I love your heart, Bev, and wish I could have taken a walk with you at "Naca-nowhere." Our little pet name :) for that lovely town in the middle of nowhere.
Love and prayers coming your way, as I go hop on my bike for an hour.
holly
Right this minute I want to correct someone rather than forgive them (him). I want to prove him wrong instead of letting it go. Those hurtful words can make your heart sink. I know it's my own pride that gets in the way. God wanted me to read your insights this evening and let it go... and let God in to heal my heart! You are such an inspiration, Bev to keep the faith and keep believing Him!
Much love, friend!
Angie xoxo
Proverbs 27:19“As water reflects a face, a heart reflects a man."
Oh Lord...I pray that we all have a heart that is reflecting you.

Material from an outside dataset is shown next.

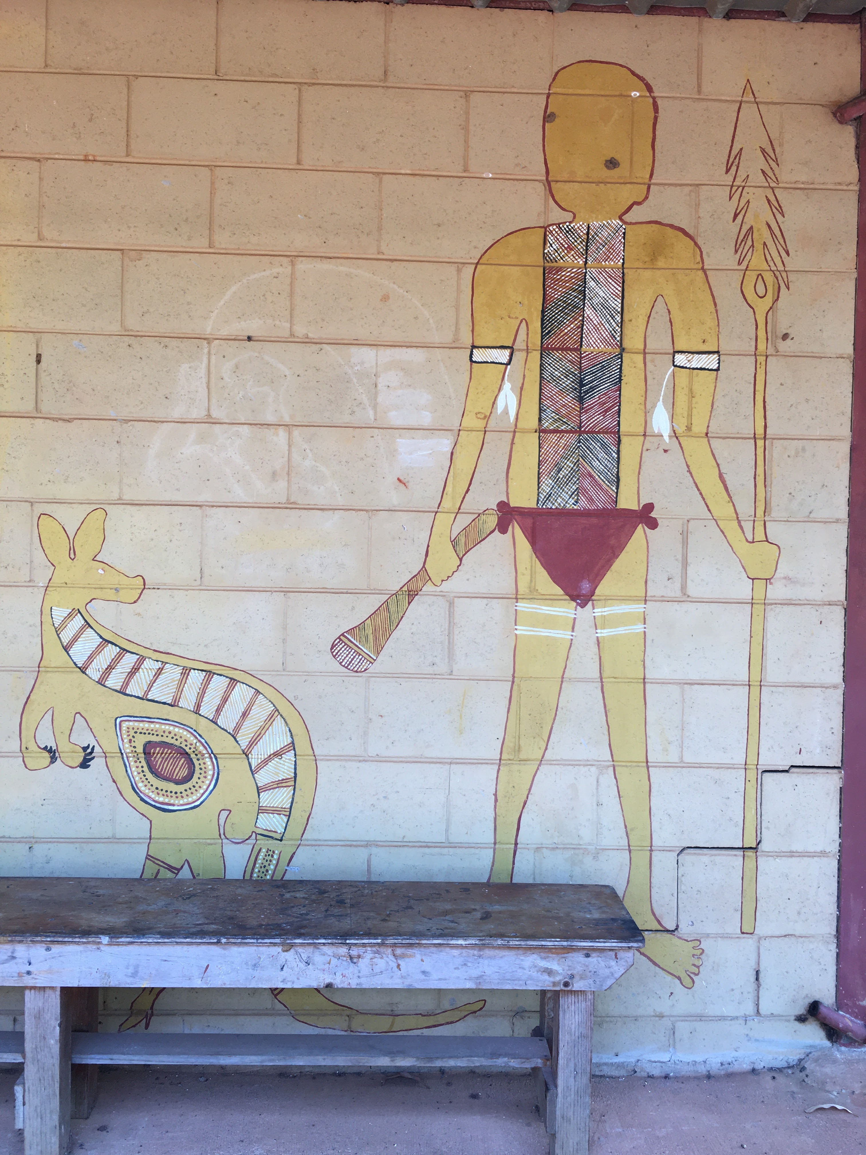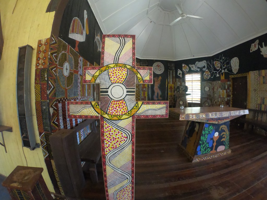 The plain white building lifted 30 ft into the air to protect from the monsoon season looks like nothing to note on the outside. Entering the doors the wooden pews lead you to the front. The alter is what causes you to stop and stare. The alter has been detailed in dot paintings. Animals, people, landscapes, all are painted on a solid black background. It is a beautiful example of the Aboriginal local culture meeting and trying to join the entering forces.
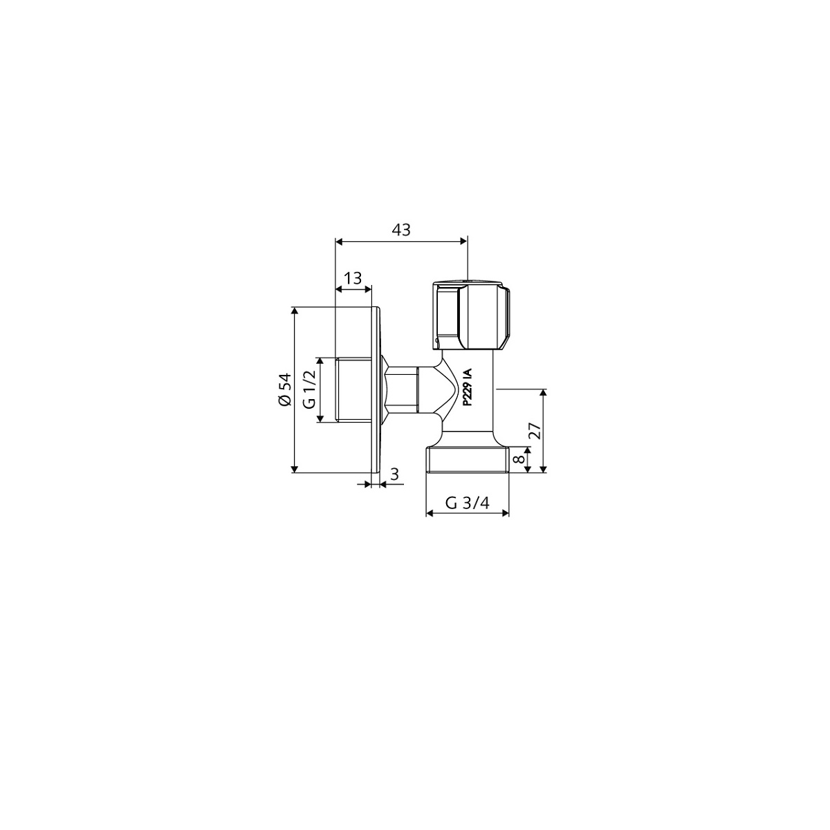 Rohový ventil pro připojení koncových zařízení k vodovodním rozvodům v malém prostoru. Ventil je osazen rukojetí COMFORT a posuvnou rozetou průměr 54 mm,

I love you sweet Bev. I pray for you daily. I pray that you are after Him and His heart always.
You are His most beloved and He IS enthralled with your beauty.
What an amazing vessel you are to so many of us. Life is so precious with Bev!!
Hugs,
Fran
Bev, there must be something wrong with my computer. I can't see the readings for June. I have hit the refresh button several times and I still don't see anything to read past the Proverbs readings. Thanks..hope all is going well and you are resting after your teaching etc. Blessings..praying for you...Mary Lou
Ang - You're a faithful girl! Thank you for your kind words...don't quite feel like an inspiration a lot of the time. Just continuing to move toward others and keep on repenting and praying for God to show up. Nothing else worth it...love your heart for others.
I'm with you Karen...Nise taught us how to do "links" and I knew one minute and then the next minute, it was G O N E. So grateful to God for the privilege to hear from you and walk with you. You're a precious girl with a big heart!
Nise - you're always so dear to point out a specific word and I am with you so longing to hear from our God that He will do what He says He will. He will accomplish His purposes for us. Love, love, love your heart for HIM---it's so tender!
Nise - you're always so dear to point out a specific word and I am with you so longing to hear from our God that He will do what He says He will. He will accomplish His purposes for us. Love, love, love your heart for HIM---it's so tender!
Hey Michelle -- well I ask for links but can't do them either---smile! Your comment is all the link we need and I'm on my way over. Have loved seeing what God is doing in your life---He's so alive in you right now!
Annette, you know I am OVERWHELMED with my sin right now but something is happening to me that's a little different than my normal default mode---I am seeing grace poured over me that it's okay and I can't even explain it. But, I am not as lost in how AWFUL and what a MESS I am --- and I am! ---but His grace is so touching me! Thank you for your prayers, your support, your love! You are so full of His grace and it pours out of you to me.
Mary Lou, someone said to me...let your sin surprise you...and that was a surprise to me too...but like you I am seeing the words that come out and am thinking where in the world did that come from as I have way less love for that person than I thought...but I can repent of that...and find His grace greater than my sinful words...Love how you deal with your Lord and His Word!
Naca nowhere...that's hilarious!
It felt like it driving there---took forever! Britt said it was the tallest trees he has ever seen---I laughed at that. Looking forward to hearing what your God said to you. Always!
You are so constantly for me Fran and that so touches me! Thank you so much for your prayers and that you would make the time to pray for me---it means so much! Especially right now!